20




帝国の地下でレジスタンスの活動が行われていると知ってから、サッカー部の気合は一段と入った。
毎日朝練と、放課後みっちりサッカーをしているのを帰る時に、横目で見るのが私の日課になっていた。

松風くんには何か秘められた力があるみたいで、剣城くんがそれを引っ張り出そうと、練習に付き合っている。
それにしても剣城くんかっこいい。

たまに足を止めて芝生の上で座りながら見る時もあるけど、日が沈む前には必ず家に着くようには帰っている。

決勝の相手は海王学園で、全員がシードとのこと。
全員シードのサッカー部ってどんなのかな、とか考えるけど、考えても関係ないのですぐに頭から消えた。

そんな毎日を繰り返していると、あっという間に決勝戦当日。
なんと今日は優一さんと病室で観戦してます。


「それにしても、本当に試合会場に行かなくて良かったのかい?」

『え、どうしてですか?』


優一さんに誘われたけど、もしかして冗談だったとか…


「京介の応援に行かなくて」

『ぬええ!?剣城くんの!?いいいいいんです!!私は!画面越しで見れるだけでも幸せですから!!』

「そ、そうなんだ(京介は幸せ者だなあ)」


優一さんは私の勢いに押され苦笑いを浮かべていた。
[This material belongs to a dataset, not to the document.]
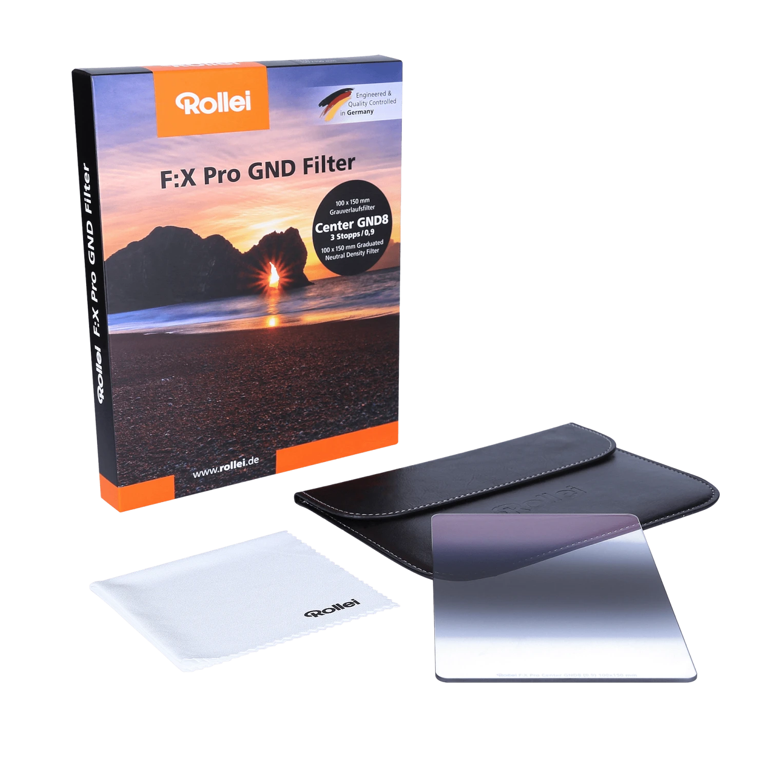Unser Rollei F:X Pro Center GND 8 (3 Stopps/0.9) ist ein sogenannter Grauverlaufsfilter oder auch Graduated Neutral Density Filter, der eine Tönung mit einem Verlauf aufweist. Bei Verlaufsfiltern läuft die Beschichtung in aller Regel zu einer bestimmten Seite aus, was beim Center GND aber nicht der Fall ist. Denn das Wort ‚Center‘ steht dafür, dass die Intensität der Tönung (Coating) von der Mitte des Filters in beide Richtungen der Außenseiten abnimmt und nicht etwa mit einem harten Schnitt in der Mitte endet, wie beispielsweise der Hard GND.

どうしよう、少し引かれたかもしれない。


「あ、始まったみたいだよ」


優一さんに言われ、画面越しで試合を見る。
海王学園が先制点を取るのはあっという間だった。しかし、すぐに態勢を立て直し、剣城くんが相手ゴールにシュートを決め同点に追いつく。良い調子が長く続く訳はなく、海王学園は化身を使い有利になっていく。
ていうか、海王学園のキャプテンの化身、海王ポセイドンって、海王学園のための化身じゃないの。
そしてその後もゴールを決められ、一対三で前半は終了した。


「なかなか厳しい状況だね」

『そうですね…、でも剣城くんのシュートかっこ良かったあ…、は!』


私としたことが、また知らない間に惚気て。顔に熱が溜まるのを感じるのとは逆に、優一さんはにこにこと私を見る。
逆に恥ずかしいですね。

そして後半、まさかの松風くんがキーパーに。これも円堂さんの考えがあってのことだろう。
パスが繋がっているが、相手に奪われ、化身使いの一人がゴール前でシュートを打つ。
画面越しでもわかる、松風くんの不安そうな顔、大丈夫だろうか、


「怯むな!」


松風くんに向けたその声は私の中にも響いてきた。


「サッカーを守るんじゃなかったのか!お前の好きなサッカーを!」


どくん。

私の中に流れる血が興奮してるように反応する。
どうしてこんなに剣城くんを知れば知るほど、好きになるのかな。


剣城くんの思いに応えるよう、松風くんは化身を出し、シュートを蹴り返しボールをクリアした。

それからの流れは雷門にあり、なんとか四対三で勝利を収めた。
勝った瞬間は思わず優一さんの手を握って喜んでしまった。しかもなかなかの力でブンブン振ってしまったごめんなさい。

そして私は試合も見れたことで、おとなしく家に帰った。
今日は決勝戦優勝の祝いとしてご馳走でも作ってあげようかな。